7 Responses to “The Weekend Is Over and Today Is Monday: A Story of Survival”

  1. tiffanized said

    I hope you were not being facetious when you asked what I did this weekend, because I’m going to tell you. I killed a turtle. It was awful, unintentional and traumatic. I’ve had trouble sleeping since it happened. I had to get the neighbor to move it for me because I was so upset, at which time he reminded me that the last time I asked for his help was to move a dead cat (which I didn’t kill). I accidentally watched the USA vs Mexico soccer game Saturday night at a Mexican restaurant, where the people were rooting for USA too because they were actually Guatemalan and kind of pissed at Mexico. We left because the restaurant was closing at 9:30. The score was 2-0 USA when we left and by the time we got home ten minutes later it was tied. I fell asleep for the part where Mexico won, waking up in time to watch “Mrs. Doubtfire” in Spanish, which I highly recommend. Sunday night I went out to drink Victory Golden Monkey. I also like Lagunitas Gnarlywine. My beer selection process has nothing to do with taste and everything to do with cheapness-to-ABV ratio. I like a lot of the Lagunitas beers, too, not for taste but for their creative naming.

    I went to Philadelphia for an hour one time and ate at Pat’s and Geno’s. They are both cheesesteak Nazis. God forbid someone hasn’t worked out what they want when they get to the window–no cheesesteak for you! Though I understand this because there are like six options and the line wait time is ridiculous so you should be able to get your shit together by order time. There are separate windows and lines for buying drinks. You buy your cheesesteak, pay (cash only because for some reason no one can run a credit card north of Delaware), then get in a separate line for drinks and/or fries. And if you are at Geno’s you better order Freedom Fries because if you mention the French you end up being called a socialist and having an American flag shoved up your butt. It is also unwise to have a Pat’s drink cup at Geno’s or vice-versa. I wish they emphasized table cleanliness the way they enforce cup purity.


      In New Jersey, you’re required to complete 6 hours of driving with an instructor before you can get your permit. So, at 16, I was out on my first hour driving ever, and I was on a narrow and windy country road with no shoulder. And a turtle was right there in my wheel path, and traffic was coming the other way. So I couldn’t swerve. And the instructor told me I had to just hit him. But it was summer and the windows were down, so it was extra super traumatic. Everyone thought it was so funny and bought me turtle shit for years and years afterward which I think means I have some pretty fucked up friends and family…

  2. I almost mini-golfed this weekend, too – family tradition and whatnot – but couldn’t find a decent course. Because we’re snobs about mini-golf. I got ice cream anyway though. I also got pelted on my person with a thousand dead stink bugs propelled by a fan, so it was good times all around.

    I’m certainly glad I don’t like the ladies, what with their murderous triflin’ ways and all. But I like cheesesteaks. And now I’m really hungry for one and can’t have one so that’s super.

  3. PWG said

    I drive with the understanding that if anything smaller than an elk presents itself to my front grill, it should haul ass or make peace with its Maker. I will brake. I will definitely brake, but I will not swerve because I am not eager for the afterlife or a wheelchair. Also, if you’re going to hit an ungulate you should brake hard and then right before contact let up on the brake so your front bumper lifts a bit.
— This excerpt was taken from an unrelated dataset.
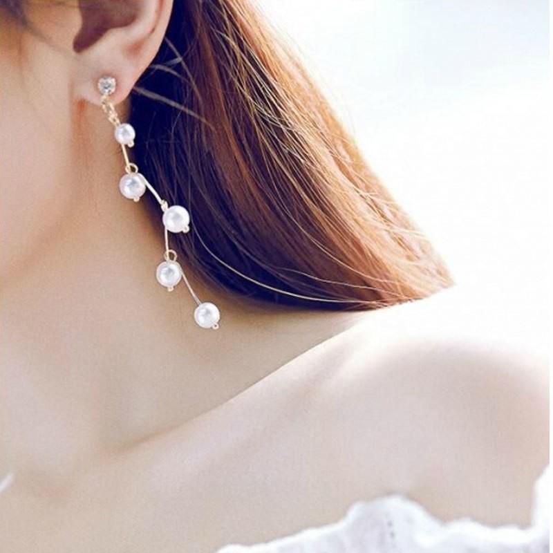 Khuyên tai nữ ECJ12 ngọc trai nhân tạo dáng dài thanh lịch ChariotJewelry

Less chance of shoveling hot bloody deer into your lap. My mother once hit a mountain lion with a long hood Gran Torino station wagon.
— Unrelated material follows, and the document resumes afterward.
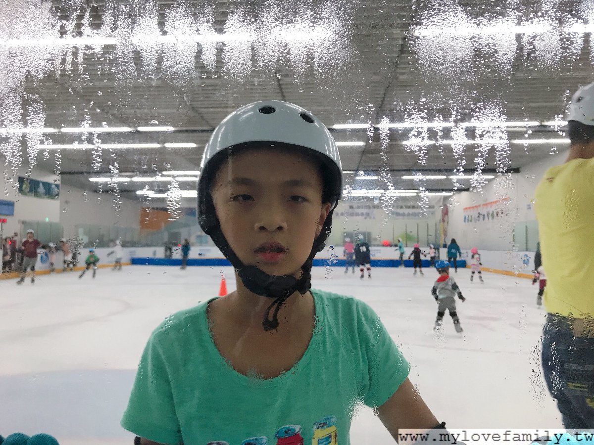 宥宥其實連溜直排輪都不太會,對於溜冰,相對有難度,一開始還擔心會不會下場不到半小時就吵著要回家,沒想到,宥宥全程三個小時都很努力認真的自我突破,從一步一步走到會往前溜前進。

    On an equally horrific note, I remember driving through a tarantula migration once, dozens of them moving across the highway at the same time. You know why they do that? It’s because the male tarantulas don’t live with the females and they were crossing the highway to get to the women-spiders. So maybe you’re right, after all. Damn females.

    Congratulations on your mini golf win.

  4. Nix said

    I did not have cheesesteaks. I had homemade lasagne. It was good, really good. I had three helpings (they were small helpings ‘kay). BUT I WANNA CHEESESTEAK!!!!